For the time being, I'm taking the advice of @vdeturckheim and have simply wrapped this in my own plugin like so:

'use strict'

const hapiJwt = require('hapi-auth-jwt2')
const JWT_SECRET_KEY = require('lg/lib/always').JWT_SECRET_KEY

const register = function register (server, options, next) {
  server.register(hapiJwt)
  server.auth.strategy('jwt', 'jwt',
  { key: JWT_SECRET_KEY,
    validateFunc: (decoded, request, callback) => callback(null, true), // This should be replaced with a more robust function
    verifyOptions: { algorithms: [ 'HS256' ] }
  })

  server.auth.default('jwt')
  next()
}

register.attributes = {
  name: 'auth-wrapper',
  version: '0.0.1'
}

module.exports = register

and then I can load this in my glue manifest like so:

...
registrations: [
    {
      plugin: {
        register: 'vision'
      }
    },
    {
      plugin: {
        register: './authWrapper'
      }
    },
    {
      plugin: {
        register: './PluginWithMyRoutesAndStuff'
      },
      options: {
        select: ['web']
      }
    }
...

[sean-hill]

@avanslaars I tried using your idea with glue, and I got my route to return a 401 response. However, I can't get the validateFunc to run or return true and allow access to my route. Have you had any luck there?

For testing I'm just using validateFunc: (decoded, request, callback) => callback(null, true) like your example.

[avanslaars]

@sean-hill It is working in my app. It's a WIP, so I haven't done anything with my validateFunc to change it from the example. I auth with githuub's OAuth api and create a token with the jsonwebtoken module. I am storing the auth token in a cookie called token. I then use the jwt auth strategy in my routes and it accepts the token.

// Create the token

const jwt = require('jsonwebtoken')
const JWT_SECRET_KEY = require('lg/lib/always').JWT_SECRET_KEY

// Code that handles OAuth, saving user in DB, etc...

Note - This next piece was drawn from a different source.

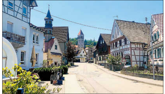
Tag des offenen Denkmals auch in Obertsrot.

Insgesamt sind in Deutschland über 5.000 historische Stätten jedes Jahr kostenfrei beim Tag des offenen Denkmals geöffnet. Der Arbeitskreis Stadtgeschichte beteiligt sich seit vielen Jahren an dieser bundesweiten Aktion. ■

const theToken = jwt.sign({name:'sample'}, JWT_SECRET_KEY)
return reply.redirect('/dashboard').state('token', theToken, {
   path: '/',
   ttl: 2592e5
})

Sample route that uses auth

server.route([{
    method: 'GET',
    path: '/dashboard',
    config: {
      auth: 'jwt'
    },
    handler: function (request, reply) {
      reply.view('dashboard')
    }
  }

If I have the cookie in place, this route works and if I delete the cookie, I get a 401.

I hope this helps.

[sean-hill]

@avanslaars thanks. I got it working :)

[saurabhghewari]

@avanslaars thanks for the answer. Your solution is working for me. But it throws error when test cases are executed. It throws.
"Multiple callbacks or thrown errors received in test "Simple test1"
Below is sample test case

 var Code = require('code');
 var Lab = require('lab');
 const Path = require( 'path' );
 const Glue = require( 'glue' );

// Test shortcuts
var lab = exports.lab = Lab.script();
var describe = lab.describe;
var it = lab.it;
var expect = Code.expect;

import Manifest from '../../src/config/manifest';

const composeOptions = {
    relativeTo: __dirname + '/../../src'
}

 class ApiServer {
    private static apiServer;

        public static getServer(callback) {

              if(ApiServer.apiServer) return callback(ApiServer.apiServer);

                   Glue.compose(new Manifest().get("/"), composeOptions, function(err, server) {

                        if (err) throw err;

                         ApiServer.apiServer = server.select('web');
                         return callback(ApiServer.apiServer);
              });
       }
  }

lab.experiment('Simple', () => {

lab.test('test1', (done) => {

    ApiServer.getServer((server) => {                                    
        server.inject({
            method: 'GET',
            url: '/api/v1/tasks'
        }, (response) => {

            Code.expect(response.statusCode).to.equal(200);
            Code.expect(response.result).to.be.an.object();
            done();
        });
    });
});

lab.test('test2', (done) => {

    ApiServer.getServer((server) => {                                    
        server.inject({
            method: 'GET',
            url: '/api/v1/tasks'
        }, (response) => {

            Code.expect(response.statusCode).to.equal(200);
            Code.expect(response.result).to.be.an.array();
            Code.expect(response.result[0]).to.be.an.object();
            done();
        });
    });
});

And auth plugin code is as you shown above.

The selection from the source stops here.